From Che Guevara to Gisela from Oberhausen

One noticeable difference between the octogenarian maestro and the up-and-coming generation of composers is that whereas Henze's career has been likened to a seismograph through which the great political and social upheavals of the twentieth century can be read, critics often bemoan the lack of political engagement among contemporary musicians and artists.

Portrait of Hans Werner Henze

Henze is a national treasure - and an expatriot

For his part, Henze theorized that political engagement has waned along with certain cultural heroes.

"I think there's been a sort of withdrawal," Henze said. "In a funny way, I think it has a lot to do with the death of figures like Ernesto [Che] Guevara and Rudi Dutschke. Somehow, these deaths were followed by a feeling of helplessness, a powerlessness to rebel, however necessary rebellion may be."

Henze, who knew both the Argentinean revolutionary and the leader of the 1968 German student movement personally, said the political content of his work has never been intentional, but has rather stemmed from his interest in people and his sensitivity to the world around him.

Music should not be written for an elite, Henze insists. Instead, "it should try to reach as wide, and as deep as it can."

From sunny Naples to grey Oberhausen

Set in the heartland of Germany's industrial Ruhr Valley, "Gisela!" looks set to succeed in reaching out to a wider audience by tapping into discourse of regional identity, brought about by Essen's European Capital of Culture status.

"Gisela!" is the story of the eponymous protagonist, a young woman from Oberhausen who visits Naples with her boyfriend Hanspeter, only to fall in love with Gennaro, a charismatic Italian with a penchant for Commedia dell'Arte-style mischief. Determined to prove that her hometown is not the grim and grimy industrial landscape of Genarro's prejudice, but rather part of a sparkling new European Capital of Culture, Gisela takes her new lover home with her.

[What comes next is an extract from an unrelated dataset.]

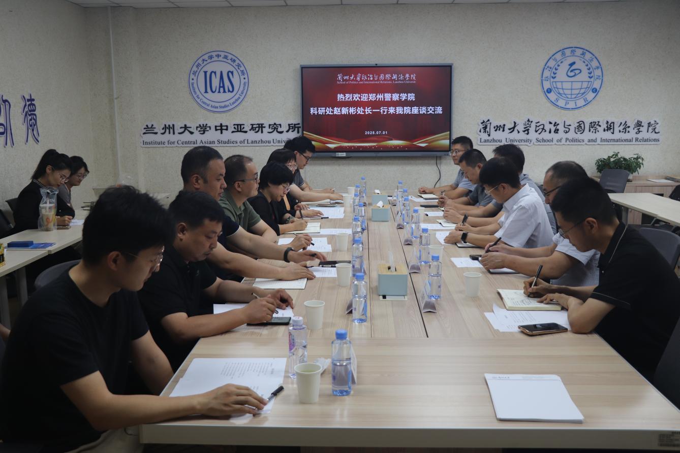 在区域国别研究、国家安全战略等领域的学术积累,与郑州警察学院的实践优势形成了鲜明互补,期待双方更多的合作举措。普光耀从学校科研平台建设、智库发展支持的经验做法等方面进行了交流。朱永彪在座谈会上学科发展、科学研究、人才培养、平台建设等方面简要介绍了学院的基本情况。

The basic story line could have been drafted by the local tourist board, but the conclusion is a bit more enigmatic. The inevitable confrontation between the rival lovers is interrupted by the joyful explosion of Vesuvius in approbation of Gisela's union with Gennaro. Germany's brand new Culture Capital seems to have won the blessing of Italy's noble cultural tradition. However, as the curtain falls, the volcano begins to rain dark ash.

Although, in the words of his long-term collaborator Michael Kerstan, he's "still very much a German personality," Hans Werner Henze left Germany in 1956, making Italy his permanent home. Unlike Gisela, Henze has no intentions of returning permanently.

Author: Kate Laycock
Editor: Jennifer Abramsohn

Gisela! premieres in the Machinenhalle Zeche Zweckel in Gladbeck on 25. September as part of the Ruhrtriennale, which has taken "Migration" as its theme for 2010.